Last November, I wrote a post titled "Top 10 technology flops." One of the 10 was speech recognition. Judging by the feedback I got from all over the Web, you'd think I'd said Apple was a flop or Bush was a great president.
What I meant, at the time, was that I was disappointed that we're not rid of all the keyboards, buttons, and remote controls by now. So I did some research and discovered that speech technology is indeed proliferating in some industries: defense, medical, call centers, and rudimentary capability for cell phones, edutainment, and high-end automobiles.
That said, I don't really care that American Airlines can recognize my voice responses on the phone. The only speech application that actually benefits me on a day-to-day basis is on my cell phone, and that's pretty basic stuff.
For the most part, we're still banging away on computer keyboards and drowning in a sea of proprietary consumer electronics devices and remote controls.
(Credit: Nuance)And now I know why. When it comes to speech technology, one company is holding just about all the cards: Nuance Communications.
Courtesy of dozens of mergers and acquisitions (M&A) over the past 13 years, Nuance now owns much of the speech technology on planet Earth. The company boasts a $3.5 billion market cap on annual sales that will likely top $800 million this fiscal year but, remarkably, has never been profitable. I can see why. Nuance has been so busy acquiring companies it hasn't had a chance to worry about a little thing like profitability.

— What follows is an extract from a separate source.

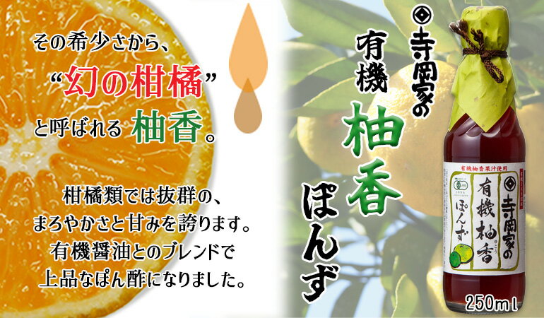 「幻の果実」と呼ばれる果実 <柚香(ゆこう)>をご存知でしょうか? 聞き馴染みもなく、にわかにその姿が連想できないのではないでしょうか。 ―そうなんです! それほどに市場に出回らない、希少な果物なのです。 柚香は徳島県の奥深い山間地、上勝町の 非常に件数が少ない栽培農家で育てられています。 1年の収穫量はなんとユズの1/100ほど! その生産量の少なさゆえに、店頭に並ぶ事もほとんどなく、 目にする事もありません。 だから柚香は「幻の」と表現されるんです。 柚香は、柚子とだいだいの自然交配種。 柑橘類では抜群のまろやかさと糖度の高さを誇り、 昔から地元では 「香りユズ・酸味スダチ・味ユコウ」と言われるほど。 とってもまろやかで薫り高い柑橘なんです。 元より希少な柚香の中でも、さらに貴重な <有機JAS認証>の柚香果汁と、 寺岡家の有機醤油とを使用し、 さらに配合する米酢やお砂糖も有機にこだわり 有機JAS認証の【有機柚香ぽんず】を作りました。 従来のぽんずとは一味違う、奥深く上品な味わい。 ぜひ一度ご賞味ください!

The company's history is a tribute to M&A gluttony. Let's see if I can get this right. In 1980, Xerox (so many of these stories begin with Xerox) bought inventor Raymond Kurzweil's optical character recognition (OCR) company and ultimately renamed it ScanSoft.

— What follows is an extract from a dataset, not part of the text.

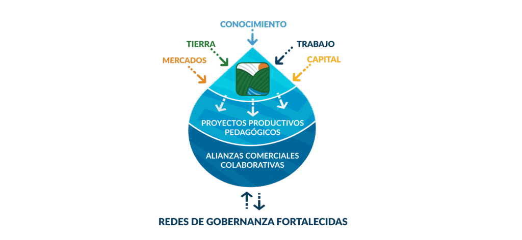 El modelo de las ERA busca articular de forma colaborativa cinco componentes fundamentales para la sostenibilidad de los proyectos productivos priorizados con las comunidades: mercados, tierra, conocimiento, trabajo y capital. Por su parte, los participantes encuestados coinciden en que los apoyos más importantes para su proceso de reincorporación son: tener tierra propia (85% de importancia), participar de proyectos productivos (82%), y lograr la comercialización de sus productos (80%). El enfoque colaborativo y de trabajo en red ha demostrado ser efectivo para superar obstáculos como la falta de tierra o de acceso a mercados. Además irradia sus beneficios en las comunidades circundantes.

In 1999, a scanner software company called Visioneer bought ScanSoft and adopted the name. That seems to be about when current Nuance Chairman and CEO Paul Ricci entered the picture, and that's when all the fun began.
In late 2001, ScanSoft bought Lernout & Hauspie, a Belgian company that had previously acquired a host of other companies including Berkeley Speech Technologies and Dragon Systems. Amazingly, L&H--the leader in the speech technology field--was bankrupt so ScanSoft got it for a song: $39.5 million.
ScanSoft went on to acquire about a dozen other companies, including some that were themselves made up of acquired companies.
While all this was happening on the East Coast, Nuance spun off from Stanford Research Institute (SRI) in 1994. In 1996, the Menlo Park company deployed its first large-scale, call-center-based commercial speech application.
In September 2005, ScanSoft merged with Nuance and the combined company adopted the Nuance Communications name. Since then, Nuance has gobbled up another dozen companies, the largest of which being Dictaphone for $357 million and eScription for $400 million.
According to my math, the current incarnation of Nuance Communications is actually made up of 42 companies, with a $180 million acquisition of SNAPin Software in the works and an unsolicited offer of $40 million for Zi on the table. Got all that?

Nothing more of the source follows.